The example below is used for testing the label spreading algorithm using a dummy dataset (reference here: https://scikit-learn.org/stable/auto_examples/semi_supervised/plot_label_propagation_digits.html) before applying to my dataset.
import numpy as np
from sklearn import datasets
digits = datasets.load_digits()
rng = np.random.RandomState(2)
indices = np.arange(len(digits.data))
rng.shuffle(indices)
X = digits.data[indices[:340]]
y = digits.target[indices[:340]]
images = digits.images[indices[:340]]
tot_samples = len(y)
labeled_points = 40
indices = np.arange(tot_samples)
non_labeled_set = indices[labeled_points:]
# Shuffle
y_train = np.copy(y)
y_train[non_labeled_set] = -1
I would like to apply label propagation to an existing dataset that I have and has the following fields:
User1 User2 Class Weight
A1 B1 1 2.1
A1 C1 1 3.3
A2 D3 -1 2.1
C3 C1 0 2.5
D1 A1 1 1.3
C3 D1 -1 2.5
A2 A4 -1 1.5
Class is a property of User1. Nodes are A1, A2, B1, C1, C3, D1, D3, A4 but only A1, A2, C3 and D1 have labels. The others (B1, C1, D3, A4) do not have it. I would like to predict their label using label propagation algorithm. Can someone explain me how to apply the above code in my case, as the challenge is in determining multiple labels? I think it should still work, even if I am considering a multi-class sample of data.

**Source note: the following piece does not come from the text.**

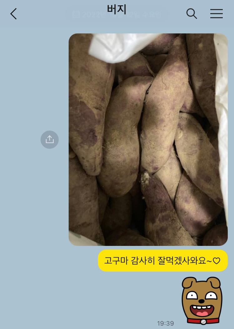 그도 그럴 것이 아빠의 고구마 선물은 8년간 자취한 딸에게 보낸 첫 택배이기도 했고, 지난 몇 년간 암과 사투를 벌이며 누구보다도 삶의 의지를 보여준 한 가장이 딸에게 보내는 쑥스런 사랑의 표현이기도 했다. 동네 마트에서 파는 한 손에 쏙 들어오는 고구마 따위와는 비교조차 되지 않았다.

As per the algorithm considered, I think that it needs to propagate labels to neighboring unlabeled nodes according to the weight. This step should be repeated for many times until, eventually, the labels on the unlabeled nodes will reach an equilibrium (that will be the prediction for these nodes).
I would expect the following output:
B1: 1
C1: 0
D3: -1
A4: -1